So, a robot on Mars just made its own decisions about where to drive, and nobody on Earth told it how to get there.
NASA's Perseverance rover completed the first-ever autonomous drives planned entirely by generative AI. Here’s the problem it solved: Mars is 140 million miles away, which means a 20-minute delay for any instruction sent from Earth. So JPL partnered with Anthropic to let Claude analyze orbital imagery, identify safe terrain (bedrock good, sand ripples bad), and plot its own course through Jezero Crater.
As a result, Perseverance covered nearly 1,500 feet across Martian terrain without a single human-planned waypoint. The Claude-piloted rover looked at the landscape, figured out where to go, and just... went.
Meanwhile, my Roomba still can't avoid the same corner of my couch. That’s why he’s getting donated to Goodwill, and why I’m not surprised iRobot’s filing for bankruptcy.
Here's what you need to know about AI today:
- Apple launched Xcode 26.3 with full Claude Agent SDK integration for autonomous coding.
- NVIDIA seems likely to invest $20B in OpenAI's latest funding round.
- Software stocks plunged on AI disruption fears.
- Microsoft announced Publisher Content Marketplace for AI content licensing.
In this week's podcast episode, we sat down with three Google Labs PMs (Jaclyn Konzelmann, Thomas Iljic, and Megan Li) who each gave us exclusive demos of their respective tools: Mixboard, Flow, and Opal, all three of which are available to try right now at labs.google.
Why watch: You'll learn how to use Gemini Gems to chain together text, image, video, and web search into custom workflows that actually save you time—plus hear the PMs explain what next for the tools (think: more direct Gmail integrations, world-building for video, and AI that remembers context across your entire project).
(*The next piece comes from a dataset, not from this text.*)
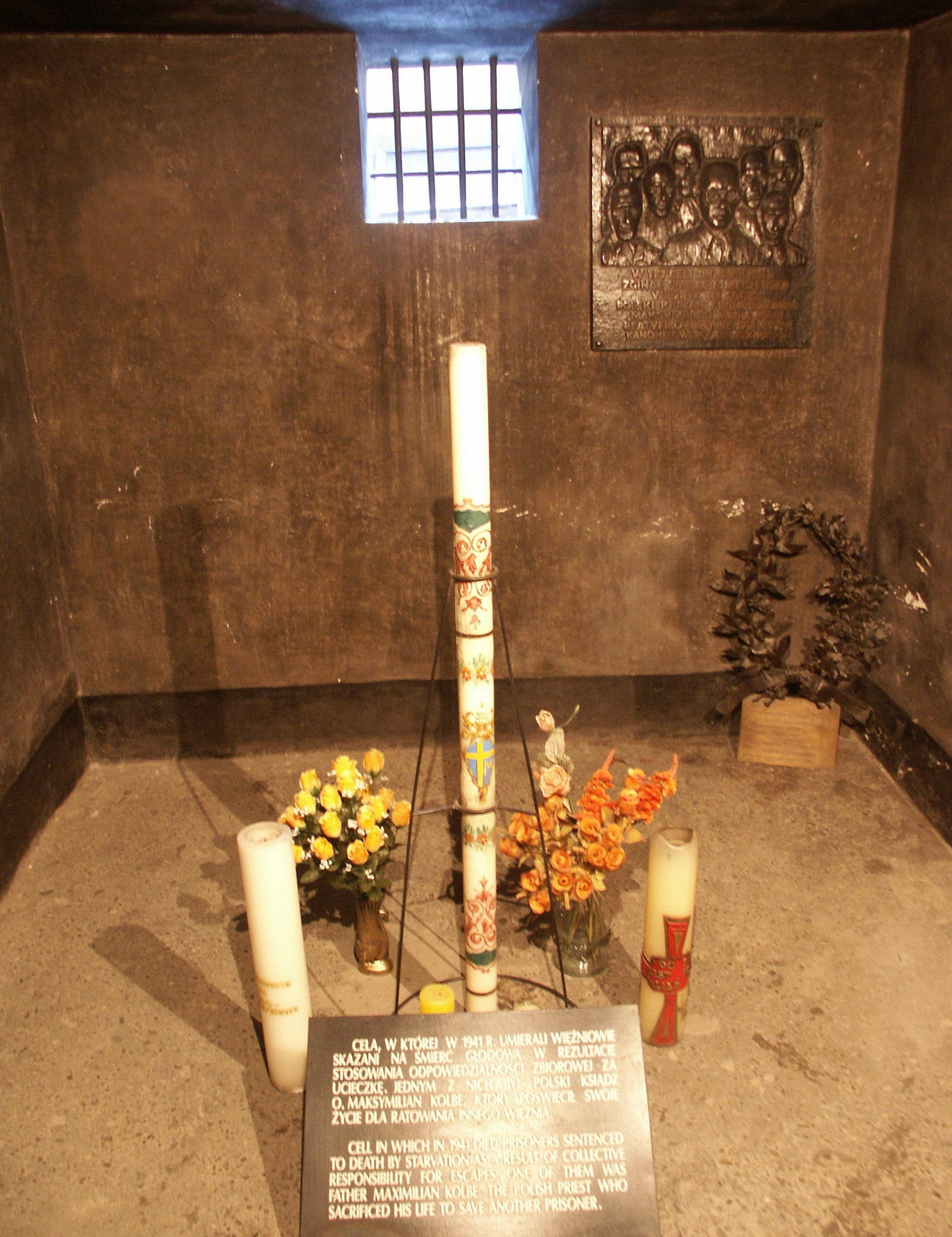 Uvězněný kněz zde na podlaze pouze s blaženým výrazem mlčky sedí. Esesáci by ale rádi do kobky hodili další nebožáky a tak vězně po dvou týdnech bez jídla a vody usmrtí injekcí.

Watch/ Listen: YouTube | Spotify | Apple Podcasts
Thanks to MIT xPRO for sponsoring this episode—check out their course Deploying AI for Strategic Impact.
Why Apple (and Anthropic) might be the real winners of the AI disruption era.
While software stocks were melting down yesterday, Apple quietly dropped something that might explain the chaos.
Xcode 26.3 now ships with full Claude Agent SDK integration, giving millions of iOS developers an autonomous AI copilot.
This means Claude can now work autonomously on long-running tasks: exploring your project's file structure, understanding how SwiftUI and UIKit connect, then making changes across multiple files to achieve a goal. Give it a task, and it breaks it down, decides which files to modify, and iterates until done.
The killer feature? Visual verification. Claude can capture Xcode Previews to see what the interface looks like, identify issues, and fix them on its own. No constant human input required.
What else Claude can do in Xcode 26.3:
- Search Apple's documentation and API guides directly
- Explore full file structures and understand project architecture
- Capture visual Previews and iterate on SwiftUI views
- Break down complex tasks and execute them autonomously
For terminal lovers, Xcode 26.3 also exposes its capabilities through the Model Context Protocol (MCP). Claude Code CLI users can integrate with Xcode and capture Previews without leaving the command line.
OpenAI's Codex is also getting integrated, but Anthropic got the press release love today. TechCrunch has the full breakdown.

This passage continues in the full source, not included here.